The optimal solution of a constraint-based enzyme allocation problem, with general kinetics, is an EFM [16]. Wortel et al. [17] studied growth rate vs. growth yield tradeoffs using an Enzyme-Flux Cost Minimization (EFCM) method. All biomass producing EFMs were screened and it was assumed that the growth rate depended linearly on the enzyme investment per rate of biomass production. EFMs can also be used for dynamic metabolic modeling such as macroscopic biochemical reaction models [18] or hybrid cybernetic models [19]. In these cases, the enumeration of all EFMs is not needed, but the enumeration of EFMs of interest is essential. Traditionally, EFMs are computed by the Double Description (DD) algorithm [20,21], an efficient algorithm based on matrix calculation. Well-known implementations of DD algorithm for computing all the EFMs in a network include METATOOL [22] and EFMTool [23]. However, the number of EFMs typically grows exponentially with the size of the network. Methods based on a network splitting algorithm allow the computation of ∼2 billion EFMs from a large metabolic model of microalga Phaeodactylum tricornutum consisting of 318 reactions [24] while, many genome-scale networks have on order of thousands of reactions. Thus, it is not currently possible to enumerate all EFMs from most genome-scale metabolic models. Another inherent problem is finding EFMs of interest from the large solution set. Among the many EFMs computed, only a small fraction are thought to be active in cells. To save computational time and memory and to focus on biologically relevant phenotypes, it becomes necessary to integrate biological constraints directly during the computation of EFMs.

It is possible to integrate constraints during the calculation of EFMs using the DD algorithm, however the constraints must be monotonic with regard to the set inclusion of the supports; i.e., if a given flux distribution of support S verifies the constraints, so it is for any flux distribution with support included in S [25,26]. Thermodynamic constraints, which are monotonic on the support, have been integrated into the tEFMA tool [27,28] which uses the DD algorithm to obtain the EFMs compatible with the negative Gibbs free energy constraint. This is achieved by interfacing efmtool [23] with the Linear Program tool CPLEX. By using Farkas duality, we have proposed a method (thermoEFM) to compute EFMs consistent with the equilibrium constants. This method was used to orient the direction of flux in reversible EFMs and it only requires knowledge of the concentrations of external metabolites and the equilibrium constants for each reaction [26]. We showed that these thermodynamic constraints can even be checked directly within the DD framework by adding a supplementary linear, non-negativity constraint [29].

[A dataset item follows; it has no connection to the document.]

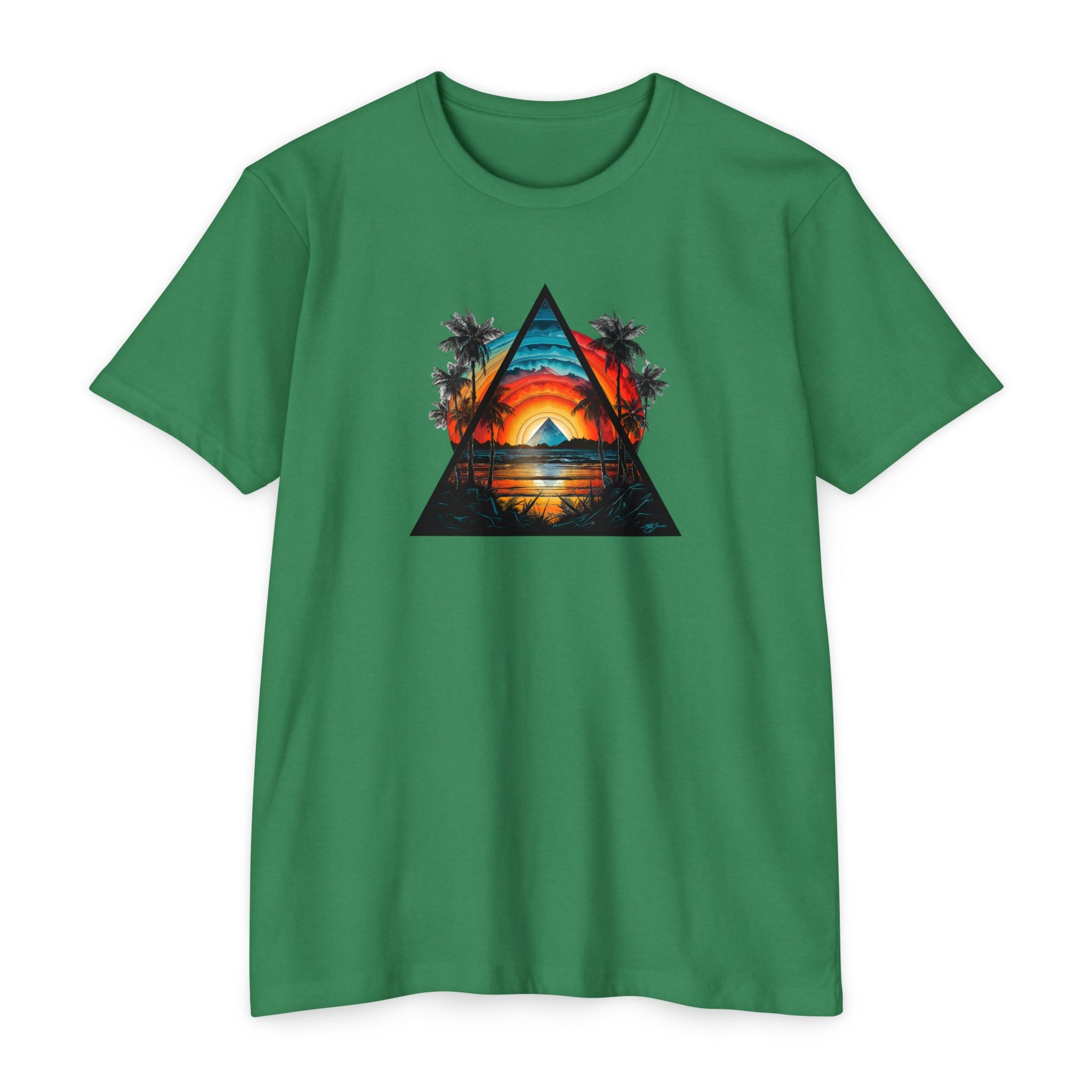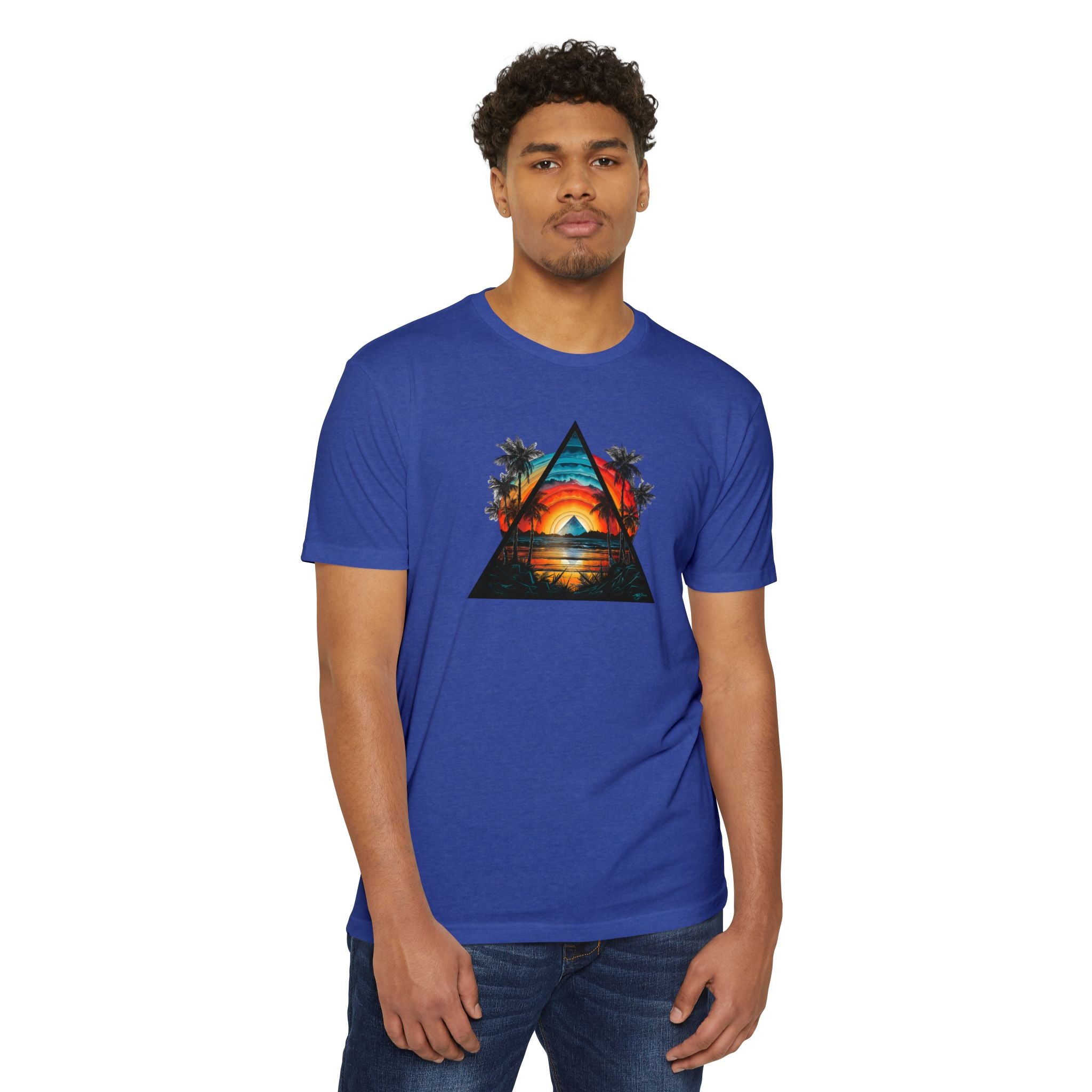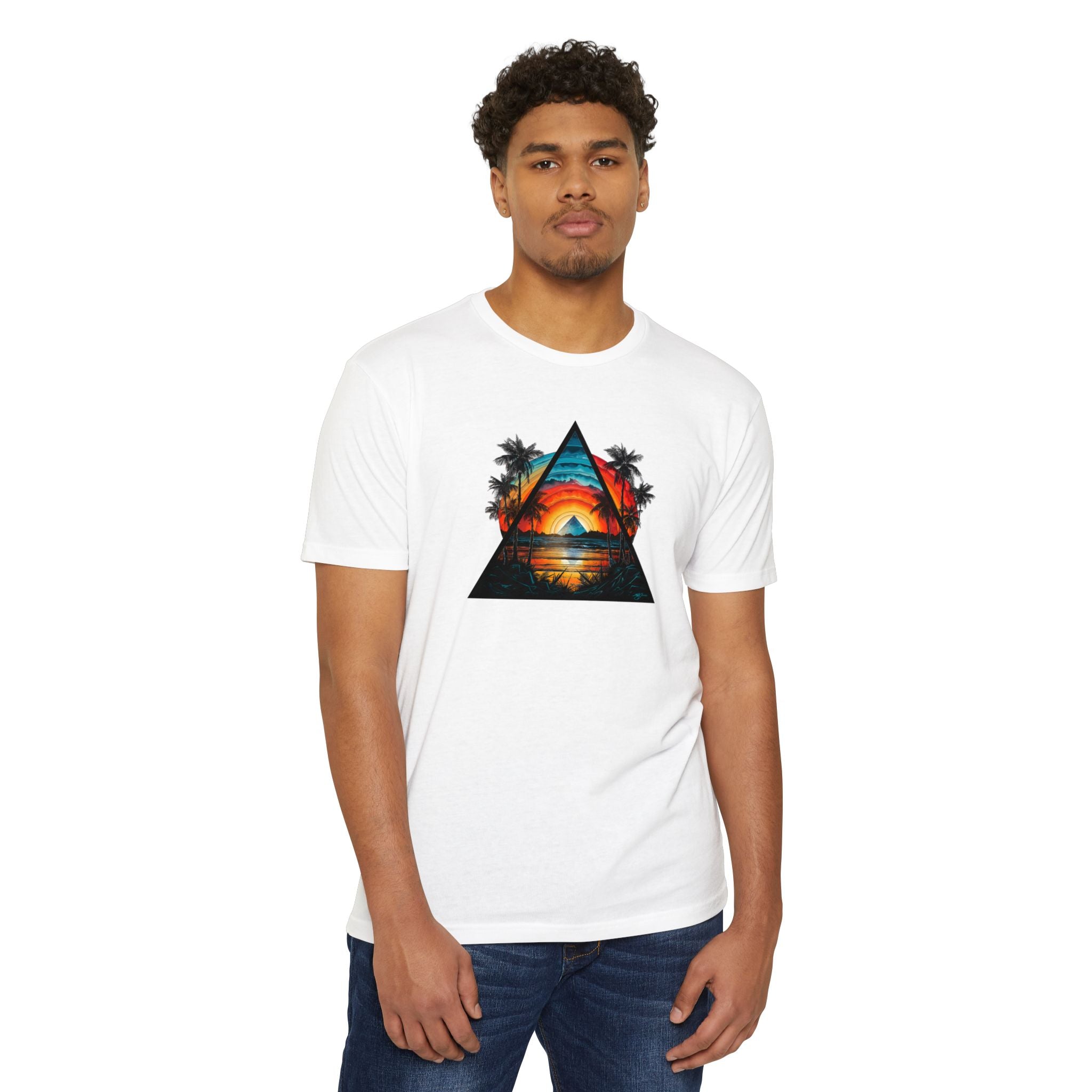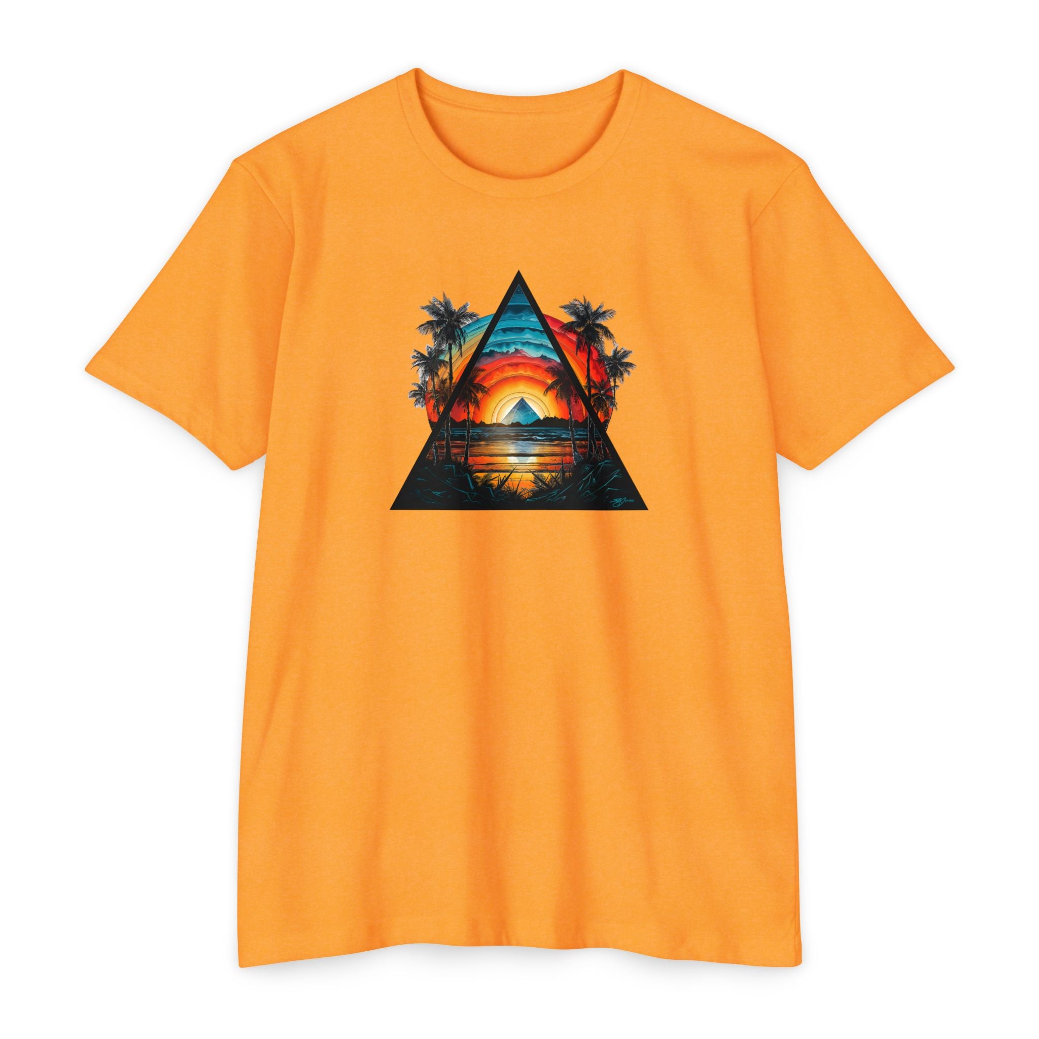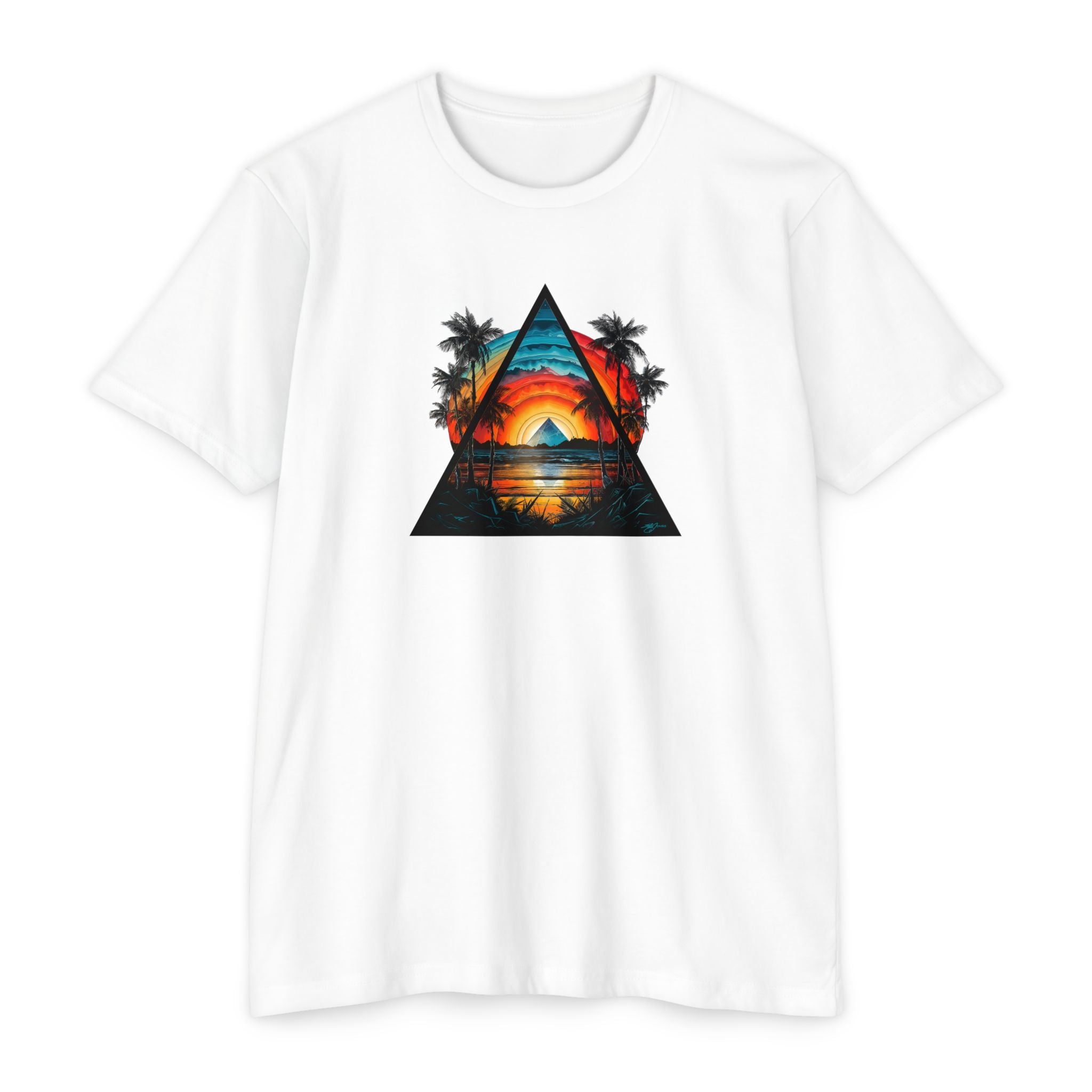 This lightweight tee brings a slice of sunset coastlines to everyday wear. A vibrant triangular print captures a warm orange-and-teal sunset framed by palm silhouettes and mirrored water, evoking slow evenings by the shore and road-trip playlists. The classic fit and soft, combed ring-spun cotton blend make it feel lived-in from the first wear — breathable on warm days and easy to layer when the air cools. Wear it to lean into a relaxed, summit-to-surf mindset: strolls on the boardwalk, campfire nights, or long drives where the sun dips low and everything slows down.

Boolean constraints, such as transcriptional regulation constraints, are less favorable to use with the DD algorithm since most constraints are not support monotone except for the negative clauses (inhibition of reactions). In particular, RegEFMtool [25] integrates negative clauses during the incremental process of the DD algorithm and has to treat all other constraints in post-processing. This was the motivation to apply logic methods such as Satisfiability Modulo Theories (SMT) to compute EFMs consistent with regulatory constraints [30,31]. This approach can integrate all types of Boolean constraints even if they are not support-monotone. However, the flux cone is restructured depending on the constraints and the minimal generating vectors of the constrained cone, called Minimal Constraint Flux Modes (MCFM) [31], are not always EFMs and may be a combination of EFMs from the unconstrained cone.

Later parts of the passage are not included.